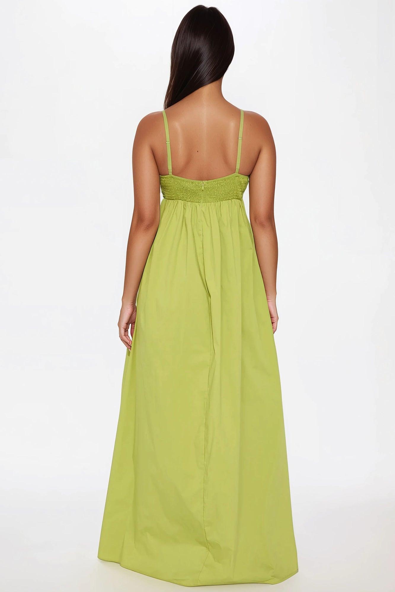 Available In Chartreuse. Poplin Maxi Dress Adjustable Spaghetti Straps Sweetheart Neckline w/ Hardware Detail Padded Elastic Waist Hidden Back Zipper Smocked Back Pockets Self : 70% Cotton , 30% Polyester Lining : 97% Polyester; 3% Spandex, Imported
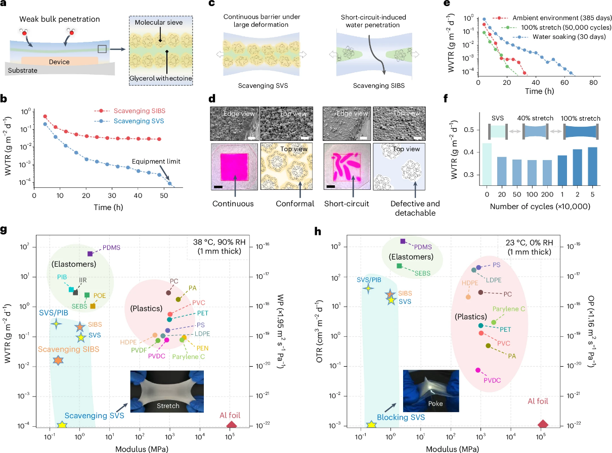 To address the challenge of bulk penetration, the researchers developed a highly stretchable and impermeable composite by exploiting the ease-of-integration feature of SVS endowed by its surface viscoplasticity to assemble water scavengers. This composite includes an embedded solid layer composed of molecular-sieve particles and a high-viscosity liquid layer composed of glycerol and Ectoine. The steady-state WVTR of Scavenging SVS film was below the detection limit of our equipment (9×10-5 g·m-2·day-1), the lowest value among the reported work. Furthermore, the Scavenging SVS showed no WVTR increase after 385 days in ambient air, 30 days underwater, or 50,000 cycles at 100% strain, demonstrating robust longevity.
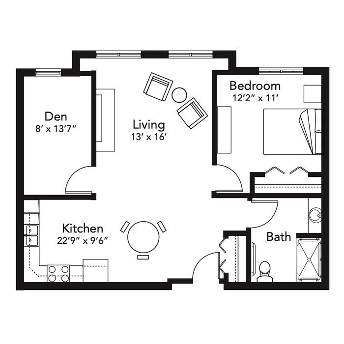 Download PDFOne Bedroom + Den Floor Plan
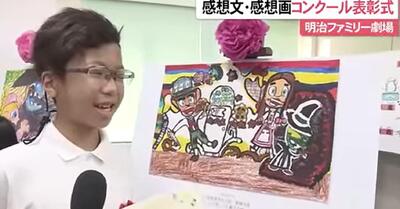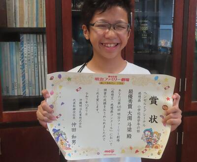 明治ファミリー劇場のミュージカルを鑑賞して感じたことを表現した感想文・感想画の表彰式がありました。163点の応募の中から5人の最優秀賞:感想画小学校高学年の部に南風原小学校 「大渕斗梁」さんが表彰されました。おめでとうございます。
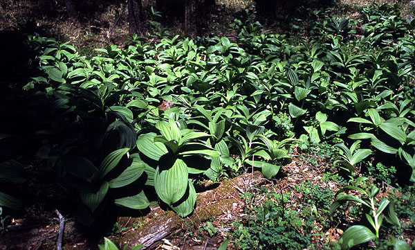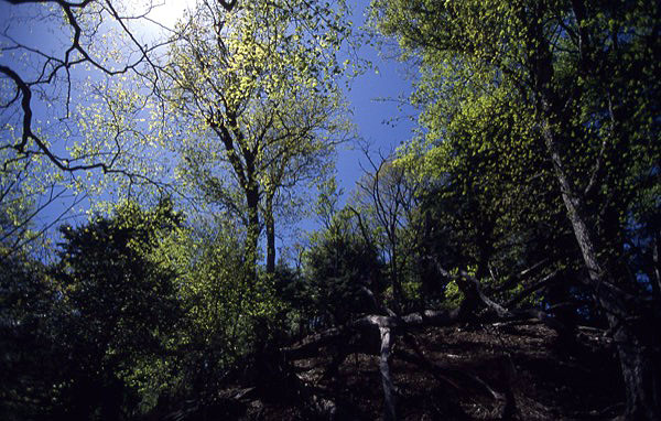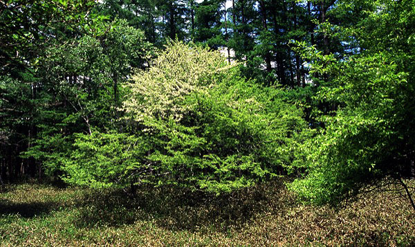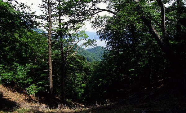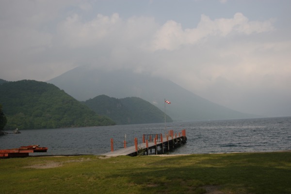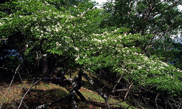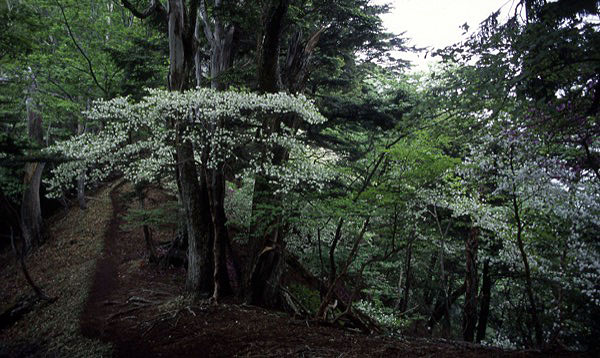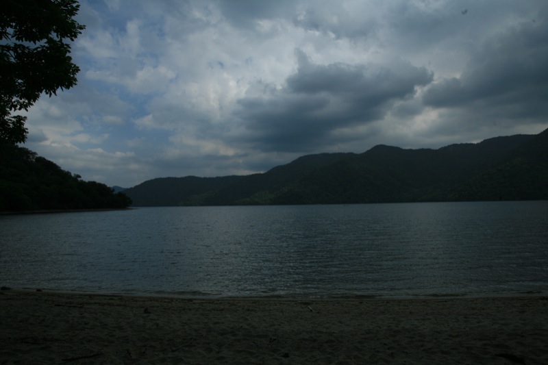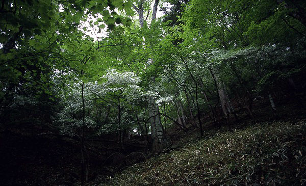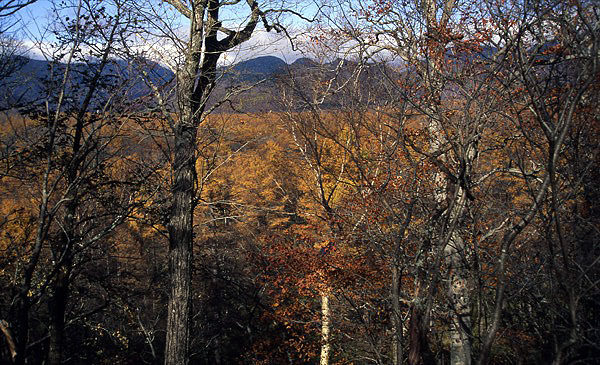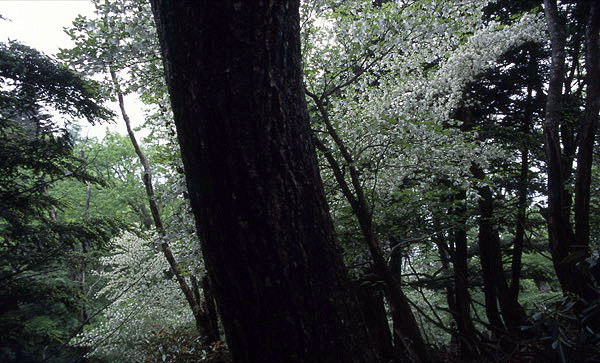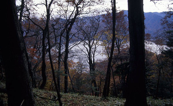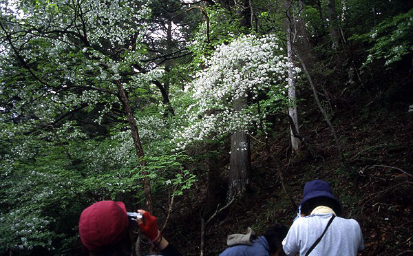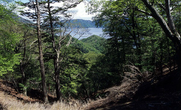 初めて中禅寺湖の湖面がくっきりと見えました。じつは中善寺湖畔の道をバスで来る途中、対岸の山肌に白いかたまりがひとつも見えませんでした。それがシロヤシオですから、バスの中では絶望的な気分になっていたのです。湖面の向こうに、その斜面が見えています。黒檜岳から社山をて半月山にいたる稜線で、そこでは鹿の群れによって刈り込まれたササ原と点在するシロヤシオが独特の風景を見せてくれます。

---

BRIEF: Give back the entries verbatim. Do not include any picture.

ANSWER TO THIS EXERCISE:
 Available In Chartreuse. Poplin Maxi Dress Adjustable Spaghetti Straps Sweetheart Neckline w/ Hardware Detail Padded Elastic Waist Hidden Back Zipper Smocked Back Pockets Self : 70% Cotton , 30% Polyester Lining : 97% Polyester; 3% Spandex, Imported
 To address the challenge of bulk penetration, the researchers developed a highly stretchable and impermeable composite by exploiting the ease-of-integration feature of SVS endowed by its surface viscoplasticity to assemble water scavengers. This composite includes an embedded solid layer composed of molecular-sieve particles and a high-viscosity liquid layer composed of glycerol and Ectoine. The steady-state WVTR of Scavenging SVS film was below the detection limit of our equipment (9×10-5 g·m-2·day-1), the lowest value among the reported work. Furthermore, the Scavenging SVS showed no WVTR increase after 385 days in ambient air, 30 days underwater, or 50,000 cycles at 100% strain, demonstrating robust longevity.
 Download PDFOne Bedroom + Den Floor Plan
 明治ファミリー劇場のミュージカルを鑑賞して感じたことを表現した感想文・感想画の表彰式がありました。163点の応募の中から5人の最優秀賞:感想画小学校高学年の部に南風原小学校 「大渕斗梁」さんが表彰されました。おめでとうございます。
 初めて中禅寺湖の湖面がくっきりと見えました。じつは中善寺湖畔の道をバスで来る途中、対岸の山肌に白いかたまりがひとつも見えませんでした。それがシロヤシオですから、バスの中では絶望的な気分になっていたのです。湖面の向こうに、その斜面が見えています。黒檜岳から社山をて半月山にいたる稜線で、そこでは鹿の群れによって刈り込まれたササ原と点在するシロヤシオが独特の風景を見せてくれます。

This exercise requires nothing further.